→ Supplied data:

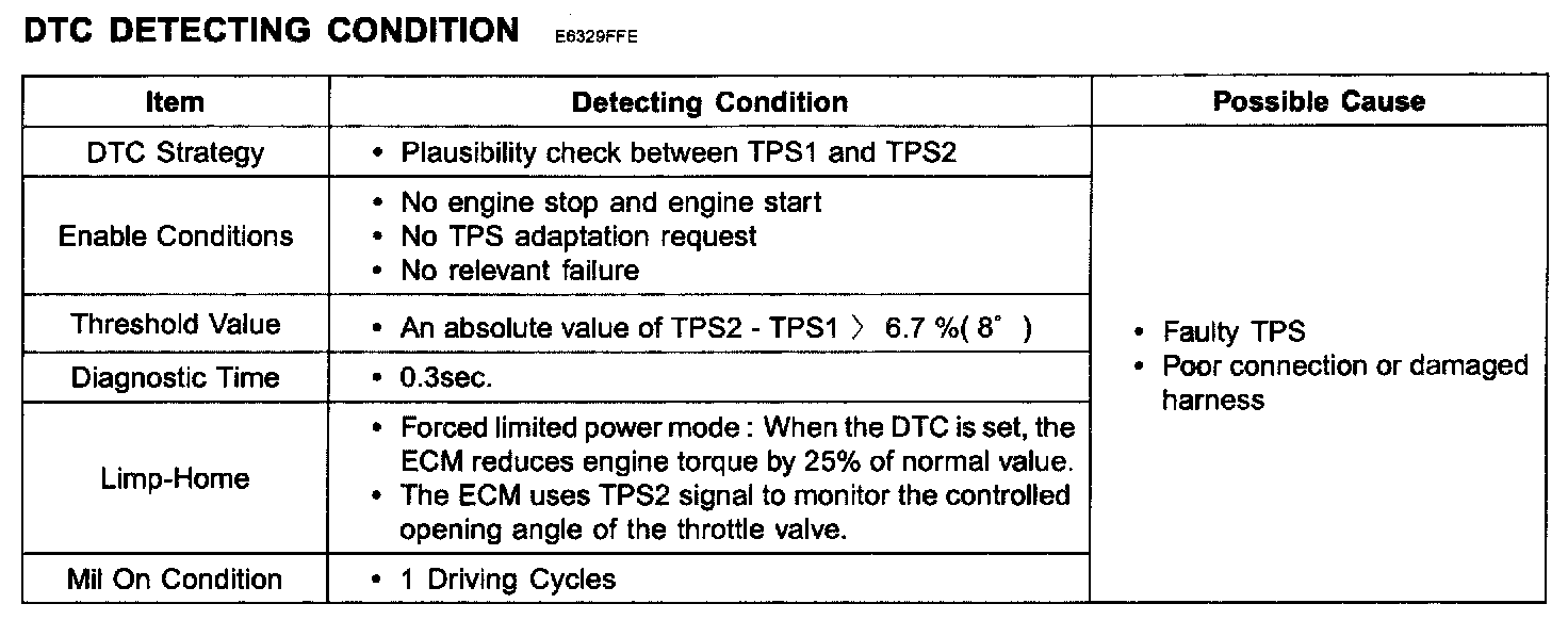 The Electronic Throttle Control (ETC) system is made of the components throttle body, Throttle Position Sensor (TPS) 1 & 2 and Accelerator Position Sensor (APS) 1 & 2. TPS1 & 2 are sharing the same source voltage and ground. The throttle valve opening is control by throttle motor which is controlled by Engine Control Module(ECM). The opposite position indicator shows inverted signal characteristics. TPS1 output voltage increases smoothly in proportion with the throttle valve opening angle after starting. TPS2 output voltage decreases in inverse proportion with the throttle valve opening angle after starting. TPS provides feedback to the ECM to control the throttle motor in order to control the throttle valve opening angle properly in response to the driving condition.
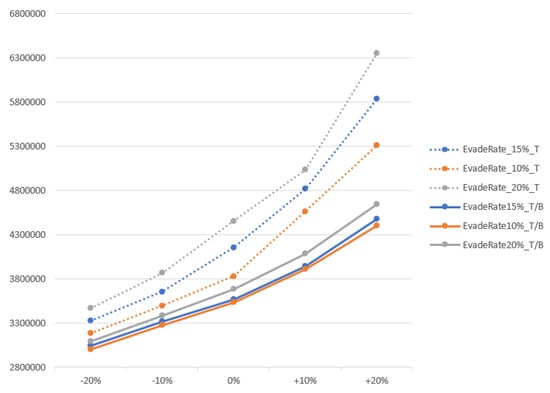 Figure 10 and Table 6 summarize the cost reduction results. The dotted and solid lines in Figure 10 indicate the truck-only and the truck–bike mixture model, respectively. For the averaged scenario where the evade rate is 15% and the demand is +0%, a 14.1% cost reduction was observed. The cost reduction rate varied from one scenario to another. A minimum of 5.7% and maximum of 26.9% in cost reduction was observed.
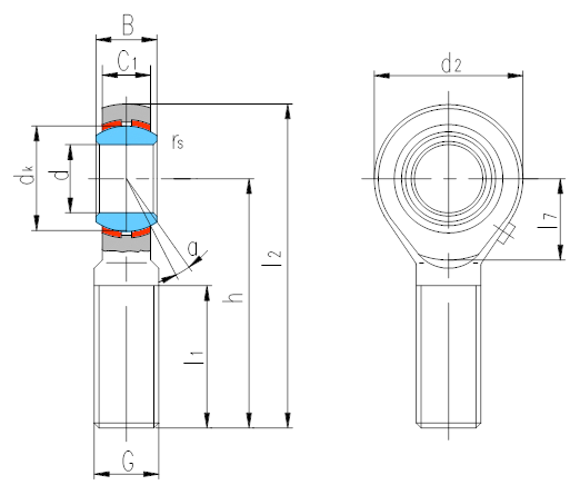 產品特點:鑲墊桿端關節軸承桿端體材料是碳鋼,表面鍍鋅,滑動表面鑲入青銅襯墊;內圈材料是軸承鋼,淬火,球面鍍硬鉻,除了孔徑小于6.35外,其余均可通過油杯潤滑。
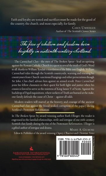 The fires of rebellion and freedom burn brightly in sixteenth-century Scotland. The Carmichael Clan-the men of The Broken Spear-lead an uprising against the Roman Catholic Church in a quest to reveal the truth of God's Word to all, thanks to William Tyndale's translation of the Bible into English. William Carmichael rides through the Scottish countryside, warning and rescuing his countrymen from Church-sanctioned hangings and other persecutions though Sir John, Clan chief, advises him against an armed revolt. Peter Carmichael joins his fellow clansmen in their quest for both light and justice when his cousin is forced to serve as the mistress of King James V of Scots. Against the backdrop of Papal inquisitions, where seekers of Truth are burned at the stake, one family defends the cause of Christ - against all odds. Modern readers will marvel at the bravery and courage of the ancient Carmichael clan against the blood-soaked corruption of the papacy during Scotland's Protestant Reformation.
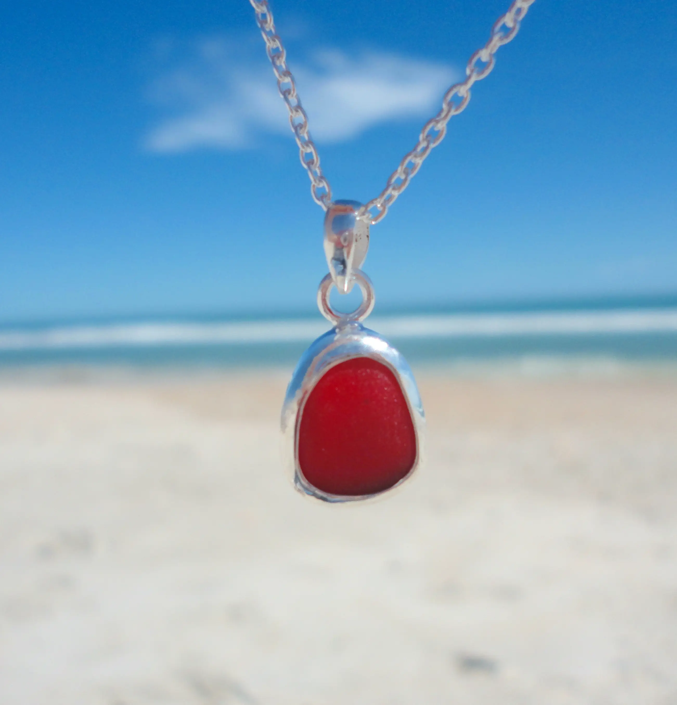 This beach necklace comes on a 18 inch sterling silver chain and the sea glass pendant measures about 10x14mm. Each pendant will vary slightly in shape as each is handmade to the shape.
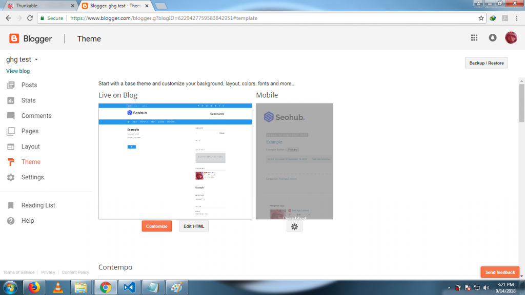 6. Klik Tema atau Theme – Klik Edit HTML. Tunggu beberapa saat.
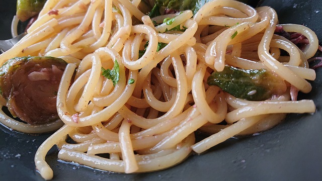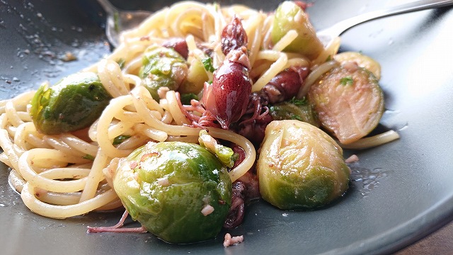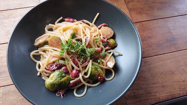 ホタルイカと芽キャベツのペペロンチーノ(^^♪
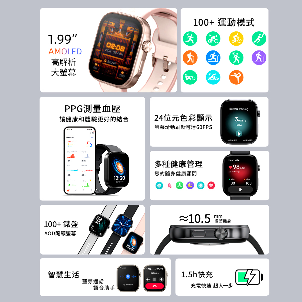 【BENTLEY 賓利】BL-GTX13 粉色 時尚中性風格 多語言支援 運動健康紀錄 藍芽助手 硅膠 電子錶 手錶
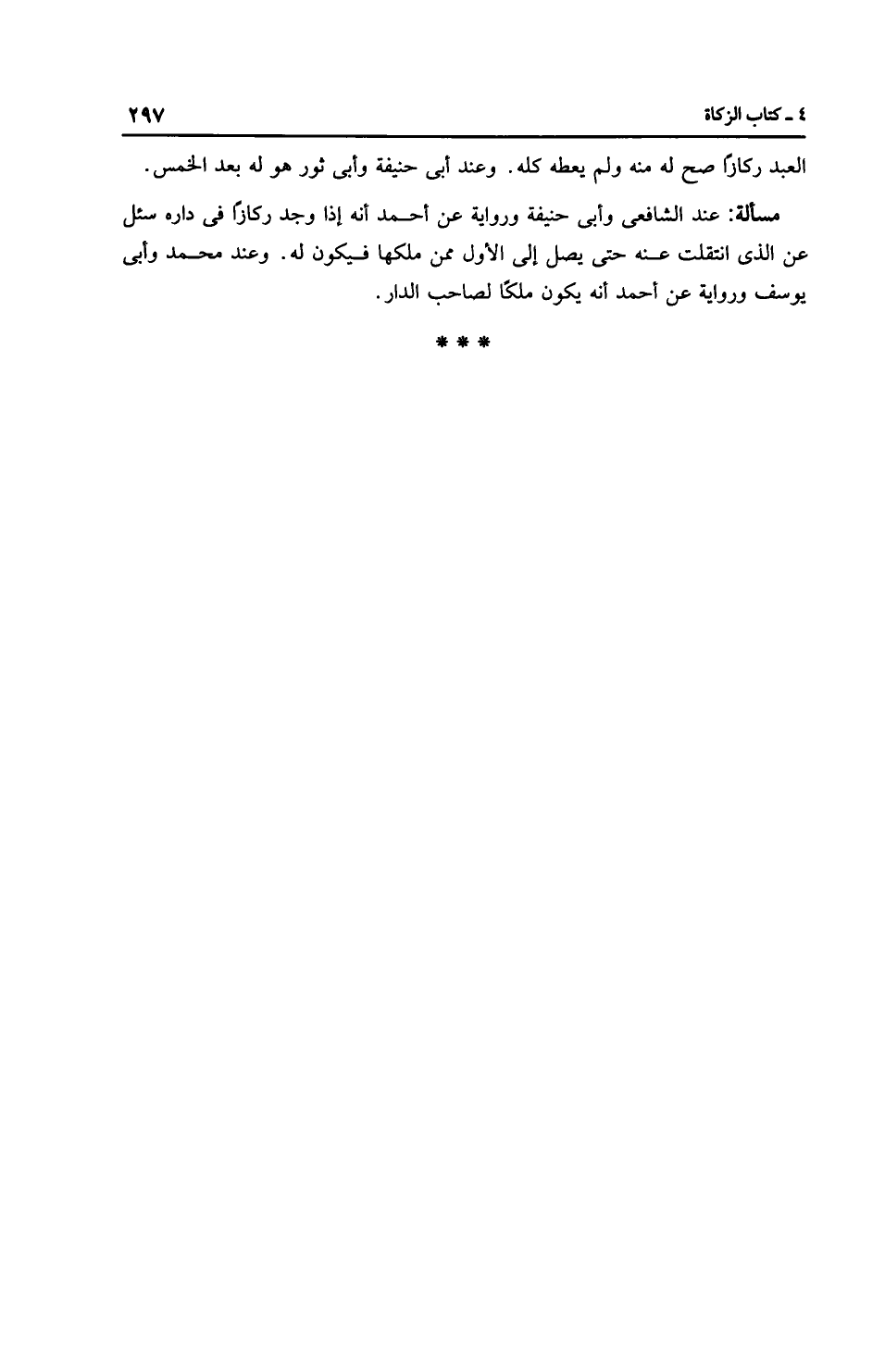 مَسْأَلَةٌ: عِنْدَ الشَّافِعِيِّ وأَبِي حَنِيفَةَ ورِوَايَة عن أَحْمَد أنه إذا وجد ركازًا في داره سئل عن الذي انتقلت عنه حتى يصل إلى الأول ممن ملكها فيكون له. وعند مُحَمَّد وأبي يوسف ورِوَايَة عن أَحْمَد أنه يكون ملكًا لصاحب الدار.
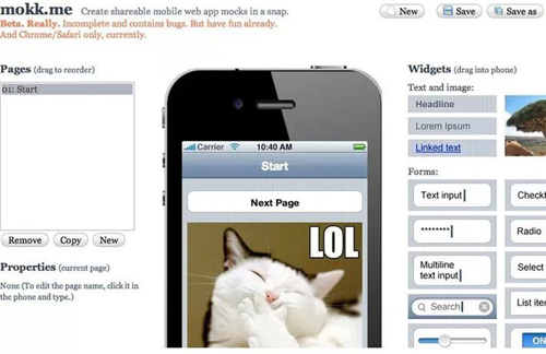 Mokk.me 是一個簡單快速的原型工具,通過界面上簡單的拖放操作,不用了解單線編程就能創(chuàng)作一個可以分享、測試以及多平臺的app。目前,Mokk.me正在測試 中,但它是一個簡單的基本的工具,任何人可以用它來創(chuàng)建app的布局。你可拖、放或者編輯小工具,可以搭建和連接頁面,還可以選擇過渡動畫。它的特點還在 于頁面和按鈕、圖片小工具、文本輸入以及復選框形式。
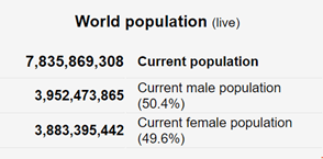 When I looked at the https://countrymeters.info/ , the number of male in this world is only slightly higher than the number of female

→ Exercise directions: Within the listing above, find the line containing "藍芽助手 硅膠 電子錶 手錶", then print it and every line after it exactly, leaving out pictures.

→ Result:
 【BENTLEY 賓利】BL-GTX13 粉色 時尚中性風格 多語言支援 運動健康紀錄 藍芽助手 硅膠 電子錶 手錶
 مَسْأَلَةٌ: عِنْدَ الشَّافِعِيِّ وأَبِي حَنِيفَةَ ورِوَايَة عن أَحْمَد أنه إذا وجد ركازًا في داره سئل عن الذي انتقلت عنه حتى يصل إلى الأول ممن ملكها فيكون له. وعند مُحَمَّد وأبي يوسف ورِوَايَة عن أَحْمَد أنه يكون ملكًا لصاحب الدار.
 Mokk.me 是一個簡單快速的原型工具,通過界面上簡單的拖放操作,不用了解單線編程就能創(chuàng)作一個可以分享、測試以及多平臺的app。目前,Mokk.me正在測試 中,但它是一個簡單的基本的工具,任何人可以用它來創(chuàng)建app的布局。你可拖、放或者編輯小工具,可以搭建和連接頁面,還可以選擇過渡動畫。它的特點還在 于頁面和按鈕、圖片小工具、文本輸入以及復選框形式。
 When I looked at the https://countrymeters.info/ , the number of male in this world is only slightly higher than the number of female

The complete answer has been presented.